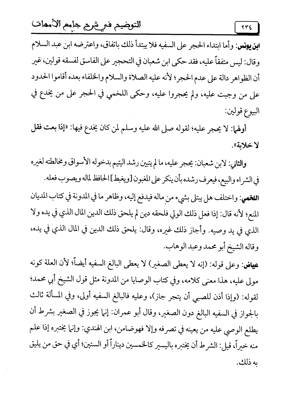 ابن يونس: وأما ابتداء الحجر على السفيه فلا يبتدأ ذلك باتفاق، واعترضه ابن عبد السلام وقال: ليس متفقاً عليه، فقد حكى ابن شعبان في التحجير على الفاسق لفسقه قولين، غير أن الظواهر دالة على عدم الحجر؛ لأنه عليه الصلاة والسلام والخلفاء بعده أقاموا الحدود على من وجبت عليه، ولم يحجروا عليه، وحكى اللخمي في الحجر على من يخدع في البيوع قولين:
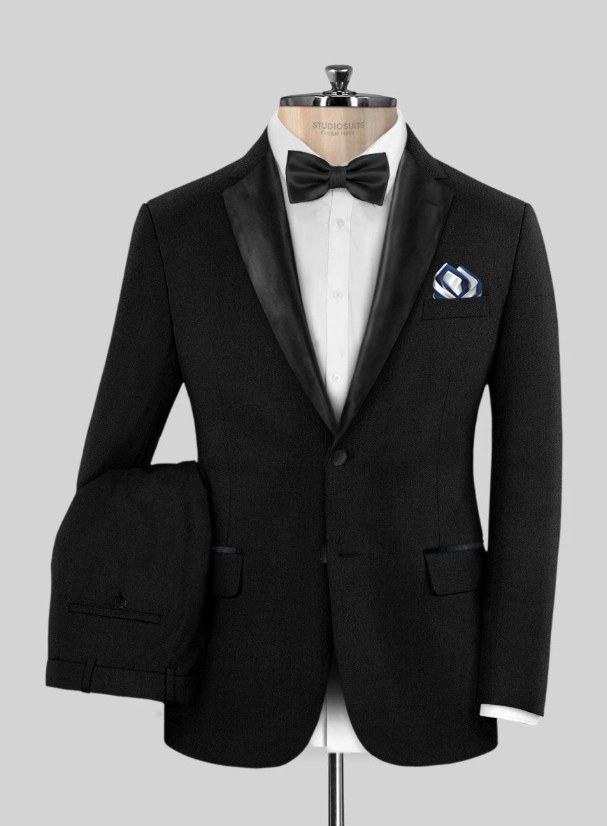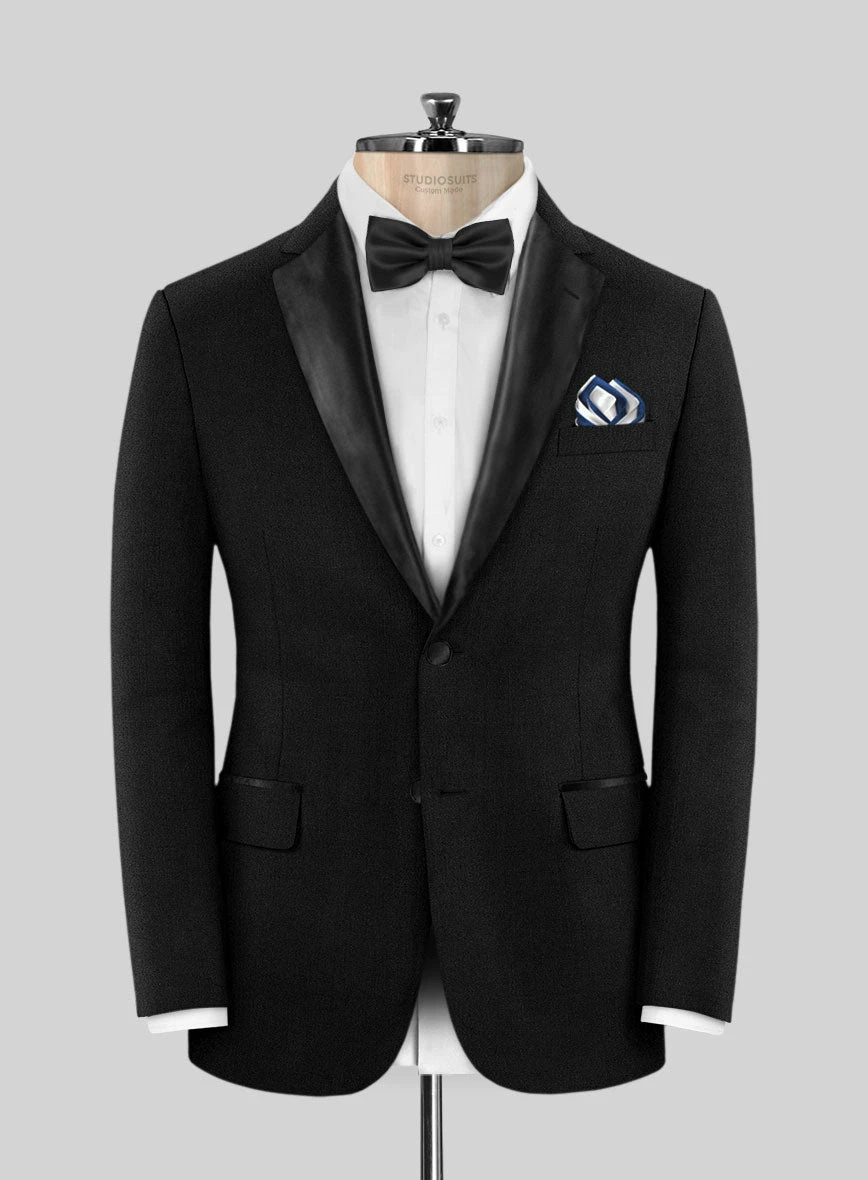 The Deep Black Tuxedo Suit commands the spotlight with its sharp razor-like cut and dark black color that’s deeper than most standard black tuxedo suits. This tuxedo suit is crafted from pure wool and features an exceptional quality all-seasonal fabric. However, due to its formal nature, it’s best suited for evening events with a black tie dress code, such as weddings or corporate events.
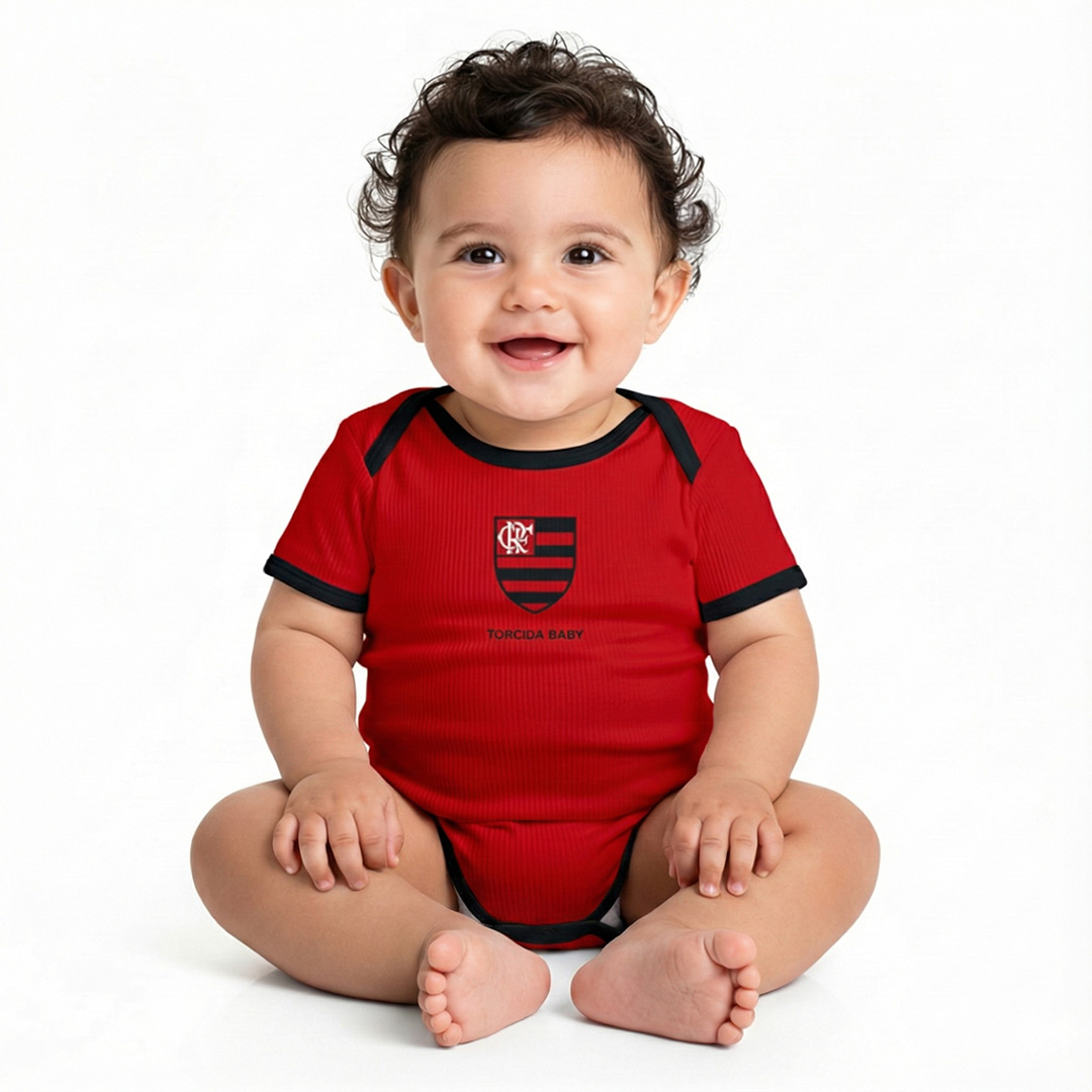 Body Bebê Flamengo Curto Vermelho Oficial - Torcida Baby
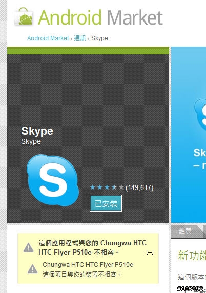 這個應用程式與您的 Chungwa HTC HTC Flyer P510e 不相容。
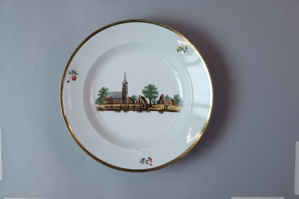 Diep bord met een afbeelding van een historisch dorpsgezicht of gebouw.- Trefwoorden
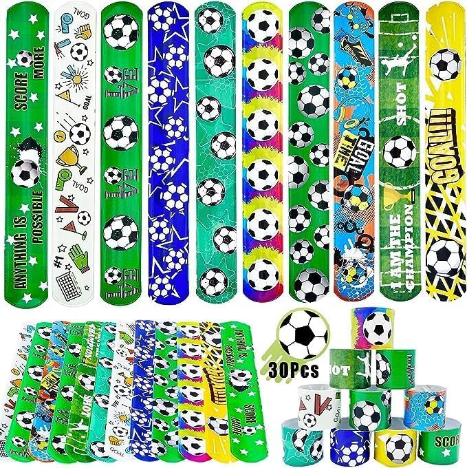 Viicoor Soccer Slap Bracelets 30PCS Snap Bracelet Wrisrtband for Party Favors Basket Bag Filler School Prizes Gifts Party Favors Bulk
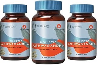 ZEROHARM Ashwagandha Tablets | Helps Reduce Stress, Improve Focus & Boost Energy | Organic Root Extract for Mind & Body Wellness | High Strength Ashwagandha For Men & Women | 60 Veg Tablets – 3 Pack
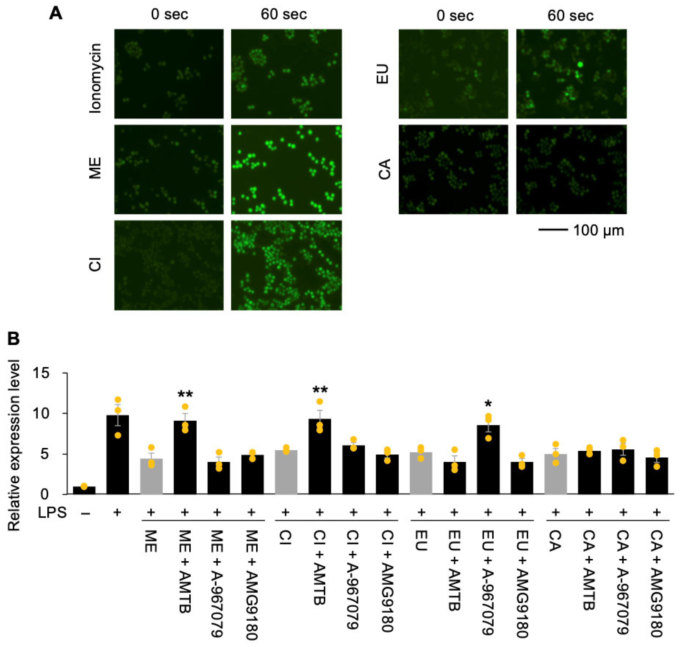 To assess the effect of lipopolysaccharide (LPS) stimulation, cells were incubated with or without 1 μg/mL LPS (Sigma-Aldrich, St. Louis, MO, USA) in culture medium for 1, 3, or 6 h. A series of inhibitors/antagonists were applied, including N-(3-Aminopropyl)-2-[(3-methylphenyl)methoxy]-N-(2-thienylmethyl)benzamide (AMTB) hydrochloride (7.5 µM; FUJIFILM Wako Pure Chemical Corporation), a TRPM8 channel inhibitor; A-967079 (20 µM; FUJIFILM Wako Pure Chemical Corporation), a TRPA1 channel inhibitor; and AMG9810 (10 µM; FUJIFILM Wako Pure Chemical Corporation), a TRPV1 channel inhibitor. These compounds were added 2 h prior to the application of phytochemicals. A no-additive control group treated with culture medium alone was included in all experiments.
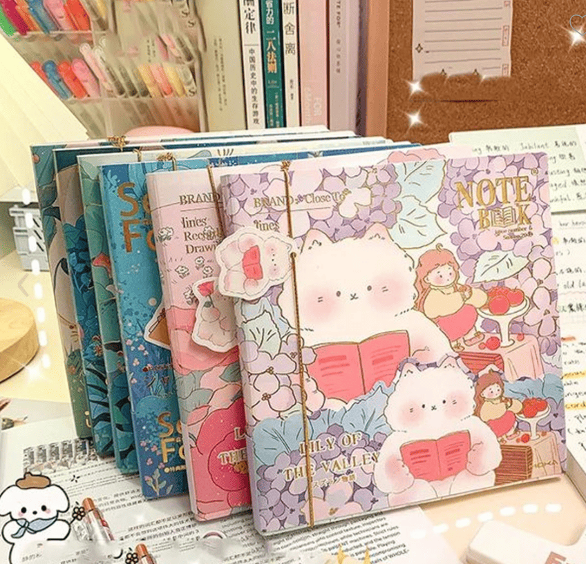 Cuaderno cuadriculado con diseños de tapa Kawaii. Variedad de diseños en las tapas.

++++++

▶ [Work order]:
Everything from the first line of the records through the line containing "這個應用程式與您的 Chungwa HTC HTC Flyer P510e 不相容。" should be reproduced exactly, apart from the pictures.

▶ [Exercise solution]:
 ابن يونس: وأما ابتداء الحجر على السفيه فلا يبتدأ ذلك باتفاق، واعترضه ابن عبد السلام وقال: ليس متفقاً عليه، فقد حكى ابن شعبان في التحجير على الفاسق لفسقه قولين، غير أن الظواهر دالة على عدم الحجر؛ لأنه عليه الصلاة والسلام والخلفاء بعده أقاموا الحدود على من وجبت عليه، ولم يحجروا عليه، وحكى اللخمي في الحجر على من يخدع في البيوع قولين:
 The Deep Black Tuxedo Suit commands the spotlight with its sharp razor-like cut and dark black color that’s deeper than most standard black tuxedo suits. This tuxedo suit is crafted from pure wool and features an exceptional quality all-seasonal fabric. However, due to its formal nature, it’s best suited for evening events with a black tie dress code, such as weddings or corporate events.
 Body Bebê Flamengo Curto Vermelho Oficial - Torcida Baby
 這個應用程式與您的 Chungwa HTC HTC Flyer P510e 不相容。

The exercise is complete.